Synergy of nitrogen dopants and cobalt single atoms in calcium niobate nanosheets for photocatalytic oxygen evolution

Abstract The successful separation of photoexcited charge carriers and their effective utilization are crucial for overcoming the slow kinetics of the four-electron process for photocatalytic oxygen evolution. Herein, a novel strategy utilizing urea as a source of N-doping on Ca 2 Nb 3 O 10 nanosheets is adopted, followed by the successful deposition of Co single atoms (Co-SAs) to achieve a synergistic effect. The presence of N-dopants and Co-SAs is validated via various experimental techniques. It is also observed that the presence of N-doping contributed towards the deposition of higher content of Co-SAs (0.21 wt%) in Ca 2 Nb 3 O 10− x N x -Co SA nanosheets compared to 0.15 wt% for non-doped Ca 2 Nb 3 O 10 -Co SA . The optimized Ca 2 Nb 3 O 10− x N x -Co SA nanosheets exhibited an impressive photocatalytic O 2 evolution of ∼727.22 µ mol g −1 h −1 via the synergy of N-dopants and Co-SAs. As a result, the O 2 evolution response of Ca 2 Nb 3 O 10− x N x -Co SA is 3.6 times higher than that of pristine Ca 2 Nb 3 O 10 nanosheets (201.26 µ mol g −1 h −1 ), 2.24 times better than Ca 2 Nb 3 O 10− x N x nanosheets (323.42 µ mol g −1 h −1 ), and 1.77 times higher compared to Ca 2 Nb 3 O 10 -Co SA , (409.33 µ mol g −1 h −1 ), which clearly demonstrated the synergistic effect of N-dopants and Co-SAs in Ca 2 Nb 3 O 10− x N x -Co SA nanosheets.

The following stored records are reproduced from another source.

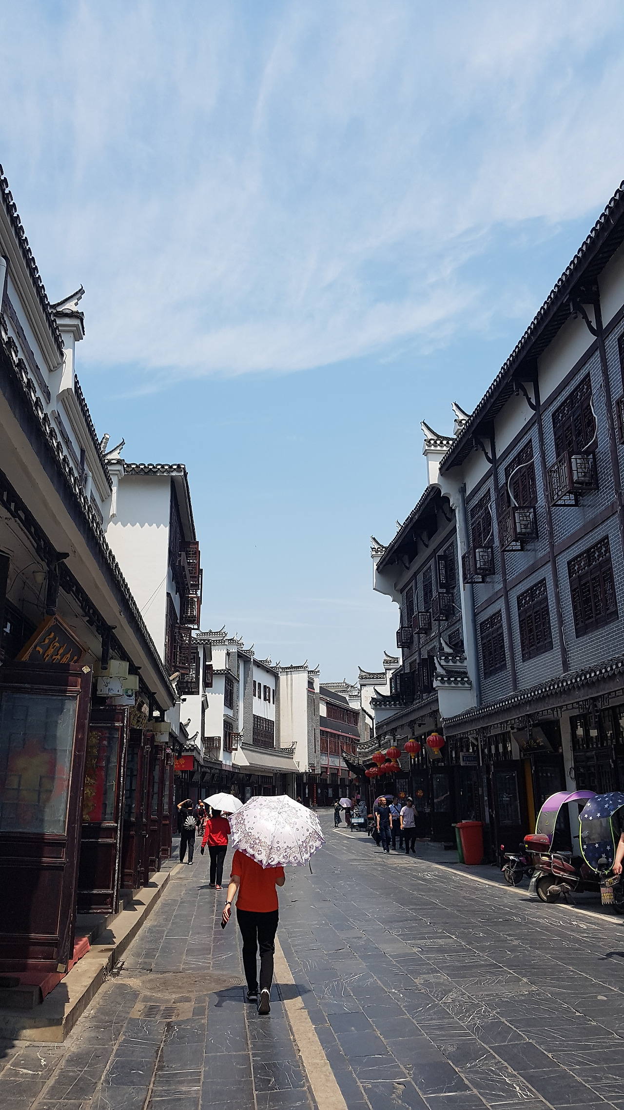 사람들이 가는 길을 따라 쭈욱 걷다 보니 어느덧 자동차 통행금지 표지판이 나온다. 얼마 되지 않아 누가 봐도 대문처럼 보이는 큰 문이 하나 등장하는데, 이 문 너머가 바로 싼허구쩐이다. 문을 기점으로 바닥도 아스팔트 바닥에서 돌바닥으로 바뀌고, 건물들의 모습도 조금 더 고풍스러운 디자인으로 바뀐다. 이미 정오에 가까운 시간이라 바닥의 돌이 햇빛의 뜨거움을 머금고 있어 자연스럽게 그늘을 찾게 된다.
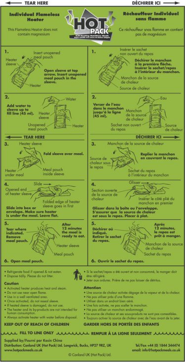 Met de verwarmingszak van 24 Hour Meals kun je je maaltijd zonder fornuis verwarmen – perfect voor onderweg. Voeg ongeveer 50 ml water toe om de zak te activeren. Voor het beste resultaat gebruik je lauw water en plaats je de zak uit de wind.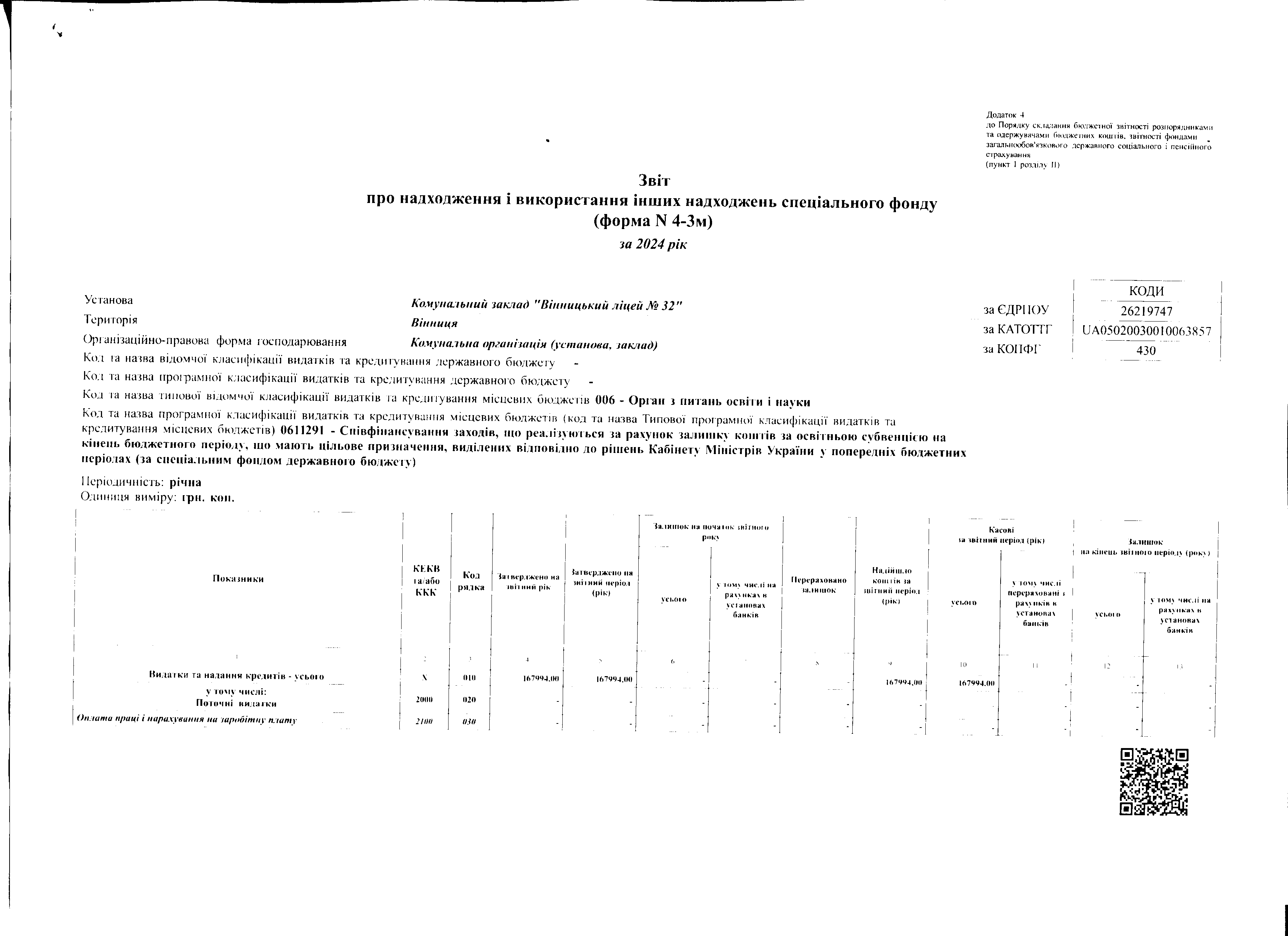 - Звіт про використані позабюджетні кошти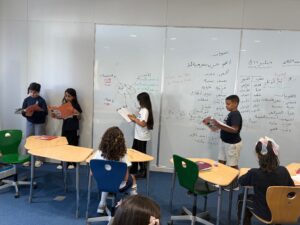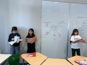 قام طلبة الصف الرابع بتمثيل درس مخّ الوعل الذي تم دراسته خلال هذا الأسبوع، وتمثلوا أدوار الأسد والثعلب والوعل في صراع واضح ليظهر من خلال الأحداث مصير الطمع الذي يتصف به الإنسان وكيف ممكن أن تكون نهاية من لا يحكم عقله في المواقف التي تمرّ به ولا يستفد من الدروس التي مرت عليه، وخرجنا منه بالدروس المستفادة التالية: عدم الطمع والتحلي بالقناعة واستخدام العقل في المواقف لا القوة فقطوكذلك عدم الانسياق وراء الآخرين.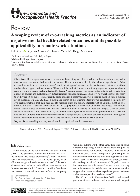A scoping review of eye-tracking metrics as an indicator of negative mental health-related outcomes and its possible applicability in remote work situations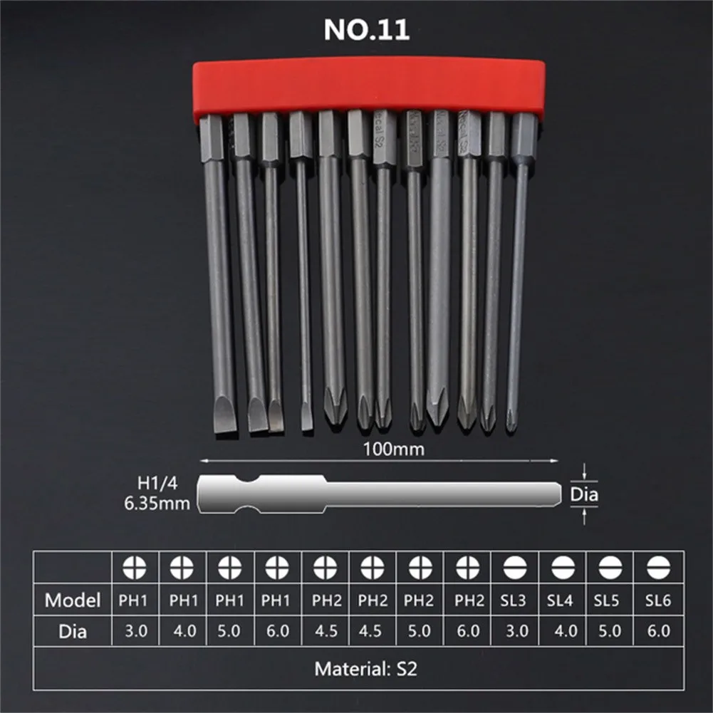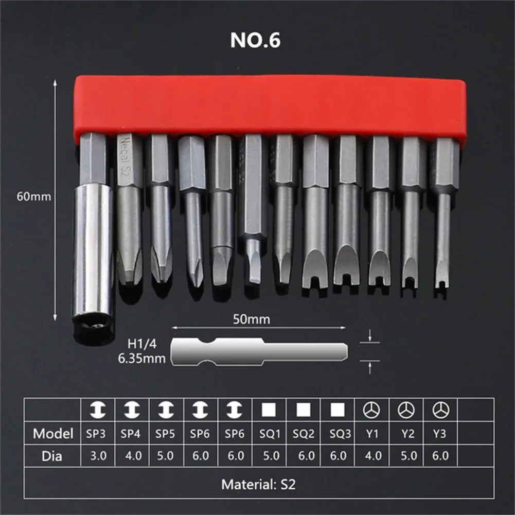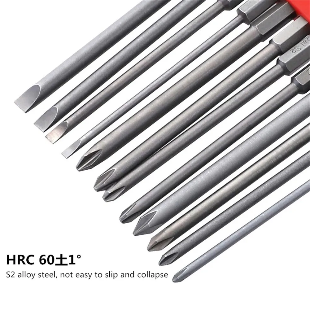 12 шт. набор магнитных отверток S2 из легированной стали с прорезями крестообразной головкой 1/4 "шестигранные электрические отвертки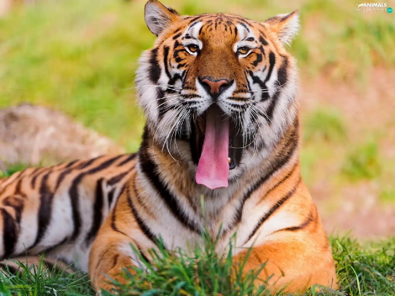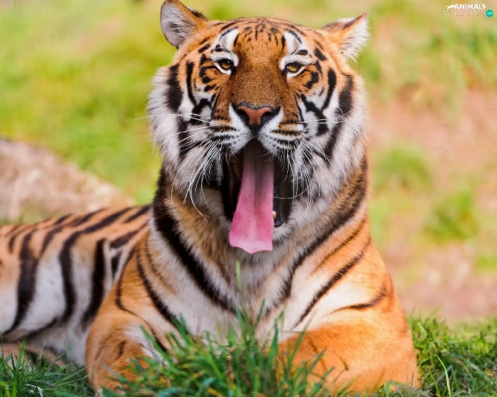 grass, tiger, Tounge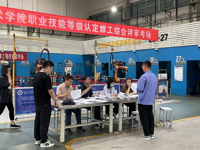 第一批职业技能等级认定涉及工种、级别多,包括本校教师和社会人员,由继续教育与培训学院组织理论考试,电气工程学院、机械工程学院、材料工程学院、财经与旅游学院组织实操认定。为确保本次认定工作操作规范,从考场布置、实操安排、考评员配备、试题管理、考务过程管理等方面按照咸阳市人力资源和社会保障局相关要求实施。咸阳市人力资源和社会保障局副局长吕阿妮、职业能力建设科科长边磊、劳动技能鉴定服务中心主任李涛等一行7人对本次职业技能认定工作进行了全程的督导检查。特别是对焊工技师、高级技师的综合答辩环节进行深入的指导。同时,继续教育与培训学院院长闫军、技能管理科科长商序对各环节进行了全面的监督检查。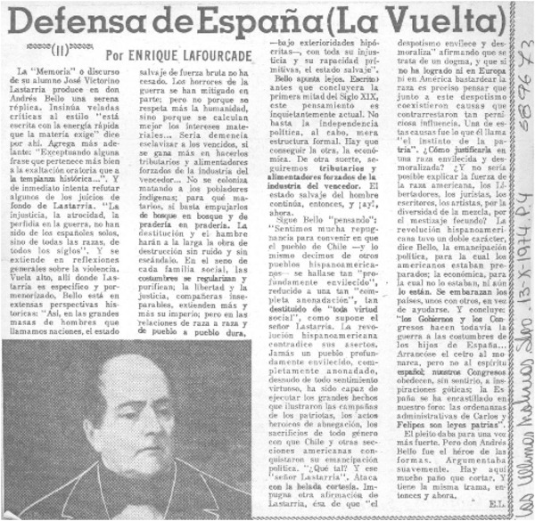 Defensa de España (La vuelta) [artículo] Enrique Lafourcade.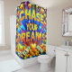Ce rideau de douche dit "Chase Your Dreams !" dessus.
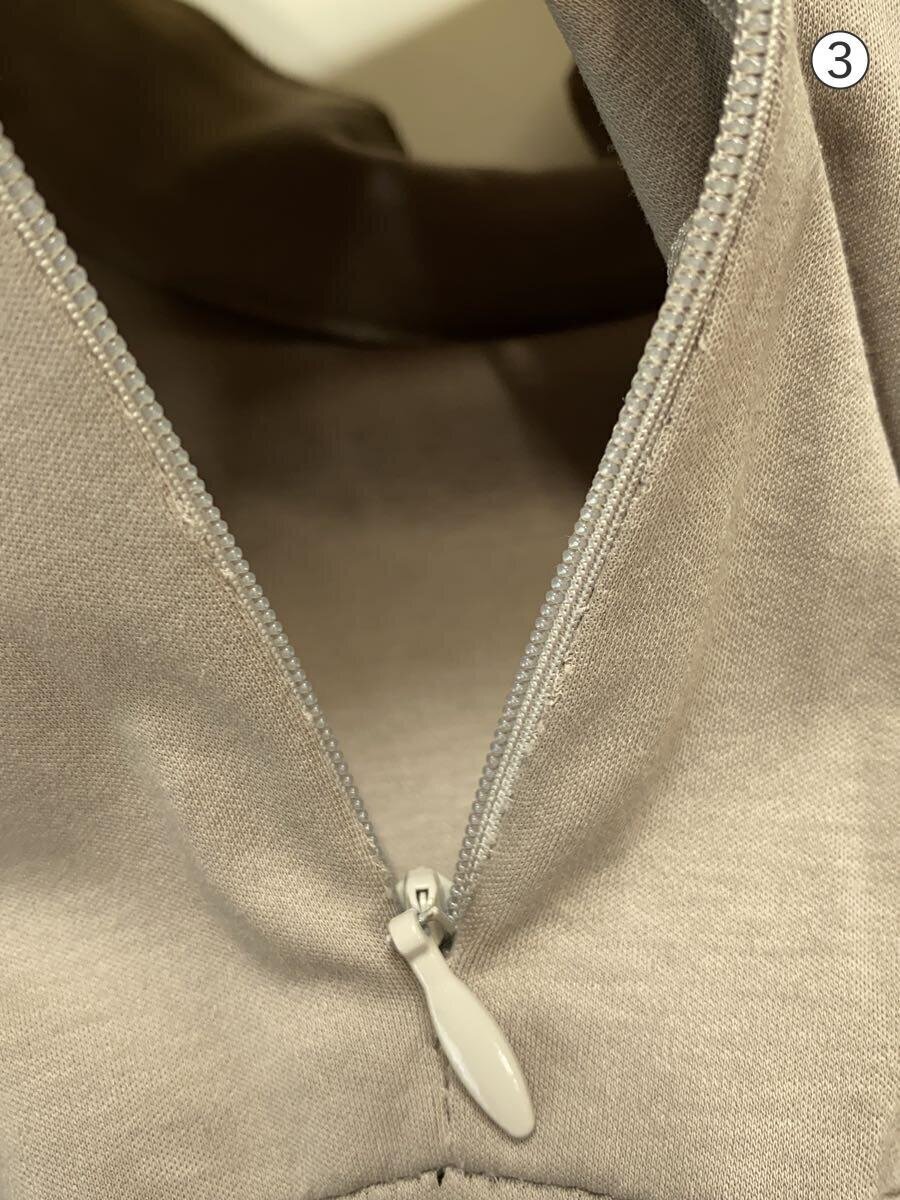 | (1)袖縫い目、ほつれあり (2)正面、裾辺り汚れあり (3)ファスナー周辺、擦れ傷あり 全体的に使用感がございます。 |

Based on the findings of various characterization techniques, the co-presence of N-dopants and Co-SAs is observed to contribute towards better charge carrier separation, and utilization to achieve superior photocatalytic response. Thus, this study presents a novel approach for incorporating N-dopants and Co-SAs on Ca 2 Nb 3 O 10 nanosheets, which can be extended to a wide range of nanosheets produced by the soft chemical exfoliation method.